The initial configuration of each machine is as follows. I expect this list to evolve over time!

Virtual Developer Workstation(s) (OFFICEDEV)

  • Windows XP SP2
  • Windows Support Tools
  • Windows Server Administration Tools
  • SQL 2005 Client Components
  • Visual Studio 2005
  • Visual Source Safe 2005
  • Visio 2003 for Enterprise Architects
  • Office 2003 Professional (Word, Excel, InfoPath)
  • Office 2007 Professional Beta 2 (Word, Excel, InfoPath)
  • SharePoint Designer 2007 Beta 2
  • Notepad++

While we are looking at deploying Office 2007 SharePoint Services you might notice I have Office 2003 installed. That’s because I don’t yet have a client who is looking to deploy the client side applications and so testing and development will need to be done against Office 2003.

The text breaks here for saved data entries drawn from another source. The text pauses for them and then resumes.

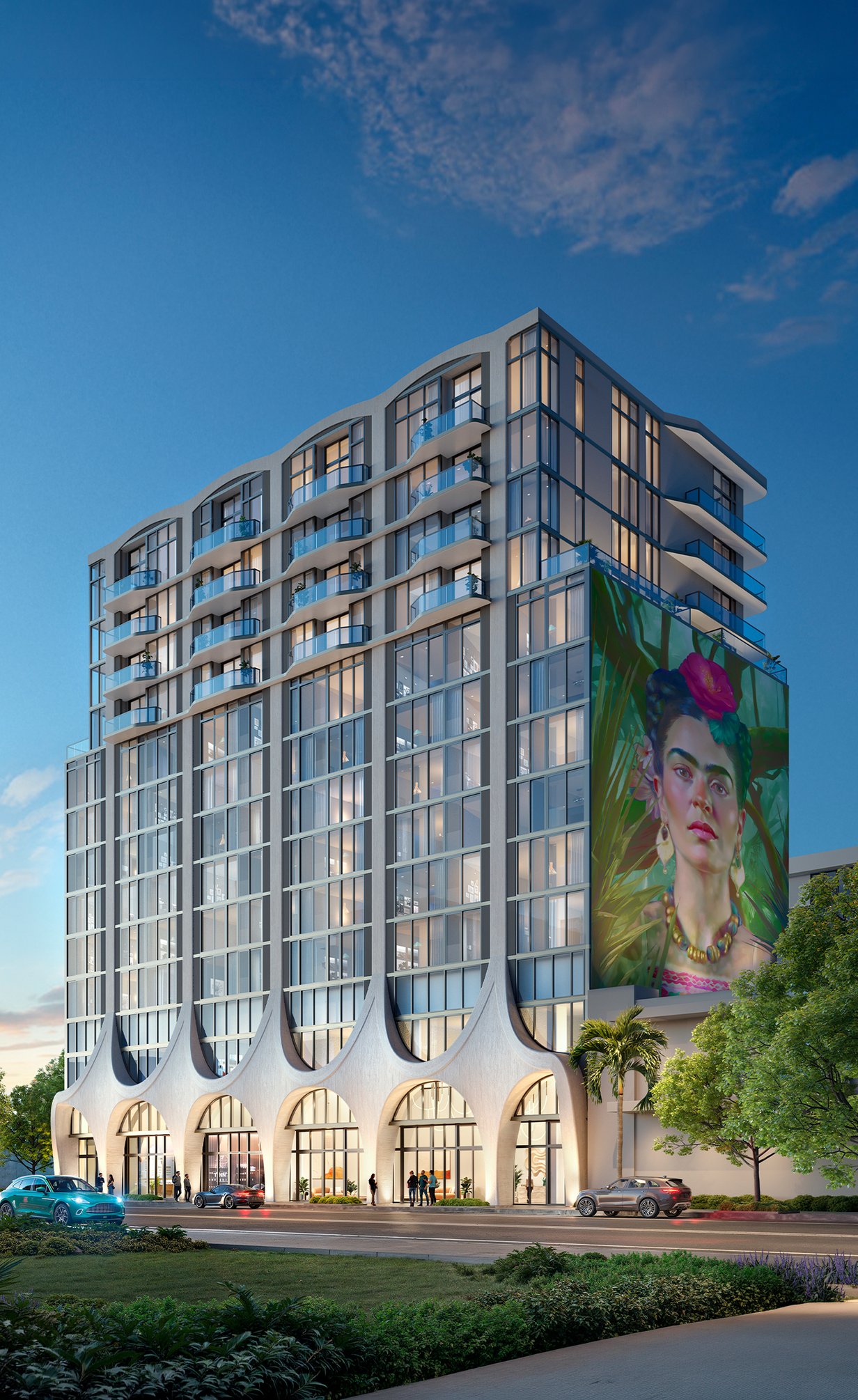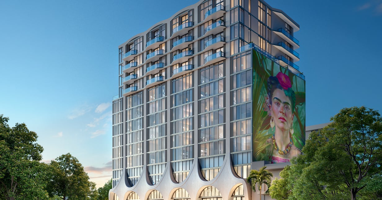 Carlos Ott's conceptual design, executed with CUBE3, translates Frida Kahlo's expressive spirit into graceful curves, sculptural form, expansive glass, and an artistic urban silhouette.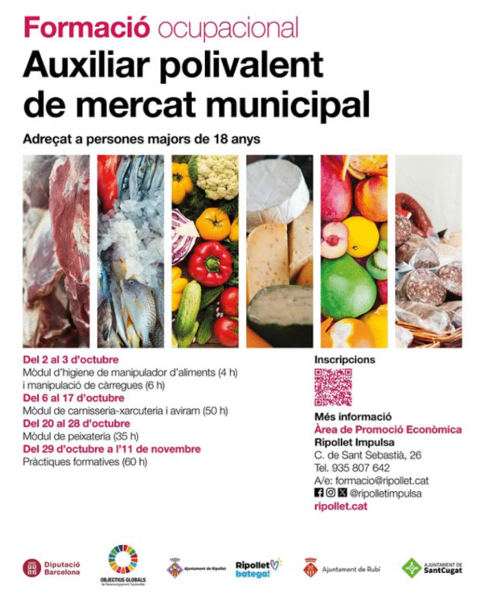 L’Ajuntament de Ripollet ha obert les inscripcions per a un nou curs de formació ocupacional destinat a persones interessades a treballar al mercat municipal. Es tracta de la formació d’Auxiliar polivalent de mercat municipal, que es durà a terme del 2 d’octubre a l’11 de novembre i està adreçada a majors de 18 anys.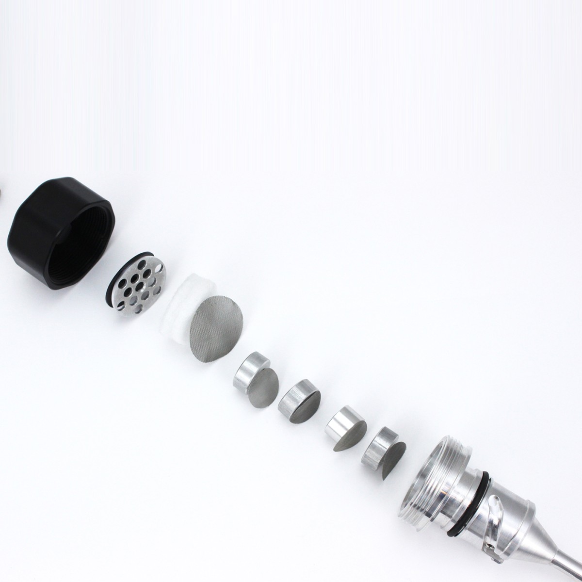 Softail Dipstick oil separator: The oil separator inserts into the inner dipstick housing bore, alternating the ¾” OD perforated screens and spacers then the large perf screen, filter, aluminum perforated disc then umbrella valve. The smaller diameter spacer is the 2nd from bottom, the umbrella valve sits on top.

Virtual Front End Server (MOSSFRONT)

  • Windows 2003 R2 Member Server
  • IIS 6 w/ASP.NET 2.0
  • Windows Workflow Foundation
  • Office SharePoint Server 2007 Complete Install

Virtual Back End Server (MOSSBACK)

  • Windows 2003 R2 Domain Controller
  • Active Directory hosting the “MOSS.DEV” domain
  • SQL Server 2005 SP1

I plan to use this environment as a template to get up and running with clients faster. We will host the development environment while the QA and production environments will be hosted on-site.

As the host server running these environments is sitting in a secure environment off of Peer 1’s network with a very large pipe as long as the client has a decent Internet connection this should be an effective solution to the many issues with developing on beta software.